Formocresol and eugenol are the two nonspecific intracanal medicaments commonly used in endodontic practice. Both have high tissue irritation potential when used in conventional strength. Propylene glycol is an alcohol that is injectable and itself possesses significant antibacterial action. It is a popular vehicle and hence was used to modify the two drugs. Standard bacteriologic methods were employed to test the antibacterial action of these lower concentrations of the two drugs against four test organisms. The investigations indicate that formocresol at as low as 10 to 20% and eugenol at 75% are bactericidal in action and hence may be useful at these concentrations for clinical use. Evaluation of these lower concentrations is warranted for possible clinical use. Propylene glycol, which possesses antibacterial action and is remarkably innocuous to tissues, appears to be a suitable vehicle for dilution of formocresol and eugenol.     

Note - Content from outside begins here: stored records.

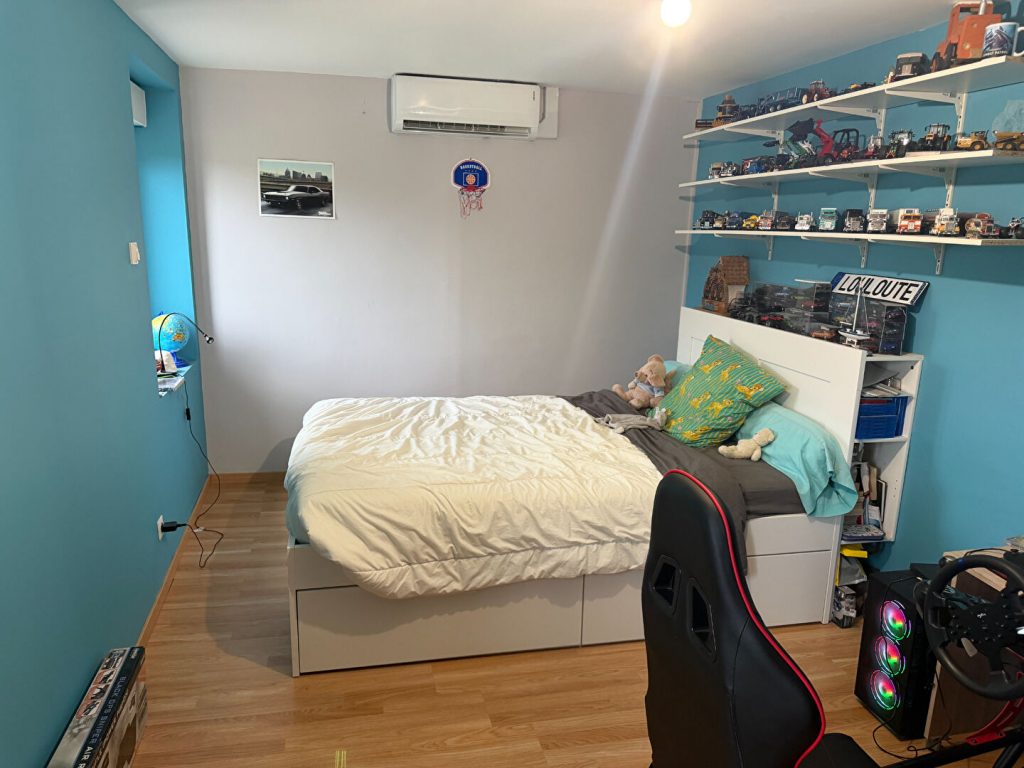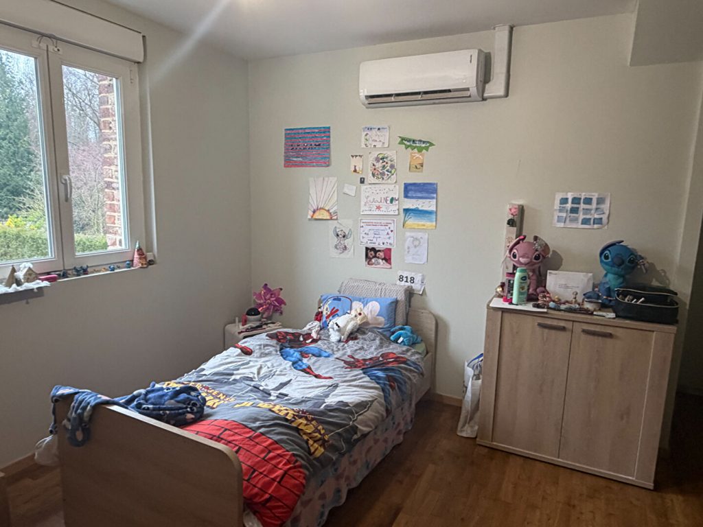 Au RDC, elle comprend une grande cuisine aménagée et équipée, ouverte sur un triple salon-séjour avec poêle à granulés, un bureau, une salle de bains avec douche et espace buanderie, ainsi qu’un WC indépendant.
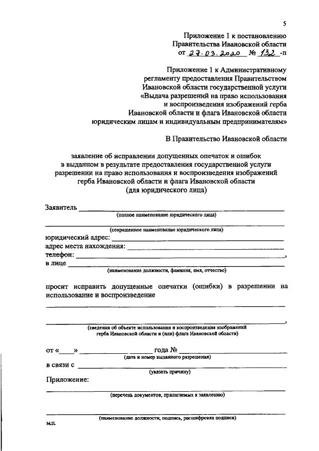 Постановление Правительства Ивановской области от 27.03.2020 N 132-п "О внесении изменений в постановление Правительства Ивановской области от 09.08.2012 N 296-п "Об утверждении административного регламента предоставления Правительством Ивановской области государственной услуги "Выдача разрешений на право использования и воспроизведения изображений герба Ивановской области и флага Ивановской области юридическим лицам и индивидуальным предпринимателям"
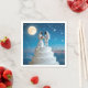 Bride and groom astronauts stand on top of a tiered wedding cake, one wearing a suit and the other a gown, while holding a bouquet.

An in vitro study with various vehicles of diffusion of formocresol and its components

abstract — Pulpotomy in primary teeth using the formocresol method results in varying degrees of devitalization of the root pulp. The extent of this devitalization depends on, among other things, the ability of the components of formocresol to leave the dressing. The purpose of this study was to evaluate the rate and duration of diffusion of the components of formocresol when incorporated in different vehicles. The antimicrobial effect of the drugs was used to assess the diffusion of the components of formocresol in blood agar, with a sensitive microorganism as an indicator. Evaluation of the MICs assessed in broth medium for formalin, formocresol and cresol, respectively, and the zone size of growth in hibition on blood agar from these components when incorporated in ZnO or ZnO-eugenol cement, suggested that the initial zone of inhibition from formocresol was due mainly to the diffusion of formaldehyde. Cresol diffused more slowly from the dressing. The presence of eugenol in the dressing, as in ZnO-eugenol cement, gave smaller initial release of formaldehyde, formocresol and cresol compared with the release from ZnO, but more prolonged diffusion. A higher initial release of formaldehyde was obtained when the formocresol was incorporated in ZnO alone compared with ZnO-eugenol cement or Pharmatec®.